Algebraic K-theory, Motivic Cohomology and Homology of Linear Groups

代数 K 理论、动机上同调和线性群的同调

• 批准号: 0100586
• 负责人: Andrei Suslin
• 金额: --
• 依托单位: Northwestern University
• 依托单位国家: 美国
• 项目类别: Continuing Grant
• 财政年份: 2001
• 资助国家: 美国
• 起止时间: 2001-06-15 至 2008-05-31
• 项目状态: 已结题
• 来源: https://www.nsf.gov/awardsearch/showAward?AWD_ID=0100586&HistoricalAwards=false
• 关键词: Algebraic; theory; Motivic; Cohomology; Homology

The proposal concerns the investigation of motivic cohomology ofschemes and its relationships to algebraic K-theory. One part of theproject proposes an investigation of generically contractible sheaves.The investigator intends to use the properties of such sheaves inan attempt to show that Grayson motivic cohomology coincides with Voevodsky one and hence Graysons construction gives anotherapproach to the dvelopment of the motivic spectral sequence.Another part of the project concerns the Friedlander-Milnor Conjecture.The investigator expects to develop new methods for the proofof the rigidity property for homology of the finite generallinear group. Finally the investigator plans to figure outwhat if anything is missing in the proof of the Bloch-Kato Conjecturemodulo an arbitrary prime integer.This research proposal is in the area of mathematics known asalgebraic geometry. The objective of algebraic geometry is togain a deep understanding of the geometric properties of solutions to polynomial equations -- while everyone sees quadratic equations in school, equations of higher degree ormore variables become much more subtle. Yet, becausecomputer and robot computations are inherently finiteapproximations to the continuous "real world," understandingpolynomials is vital to such endeavors.
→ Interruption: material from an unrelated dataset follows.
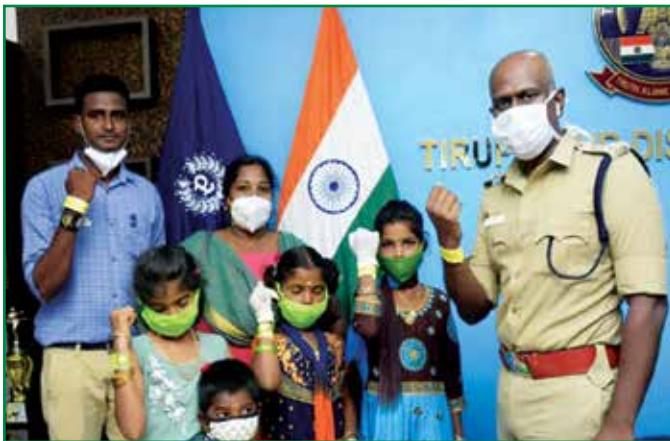
Police official and children at the Dosti week programme

这个建议涉及到对方案的动机上同调及其与代数K-理论的关系的研究。该项目的一部分是研究一般可收缩层，研究者试图利用这类层的性质证明Grayson动机上同调与Voevodsky动机上同调是一致的，因此Grayson构造提供了另一种发展动机谱序列的方法。Milnor猜想，希望能为有限广义线性群的同调刚性性质的证明提供新的方法。最后，研究人员计划弄清楚，如果在证明布洛赫-加藤猜想modulo一个任意的素数中缺少什么，这项研究计划是在数学领域被称为代数几何. 代数几何的目标是深入理解多项式方程解的几何性质--当每个人在学校看到二次方程时，更高次或更多变量的方程变得更加微妙。 然而，由于计算机和机器人的计算本质上是对连续的“真实的世界”的有限近似，因此理解多项式对这些努力至关重要。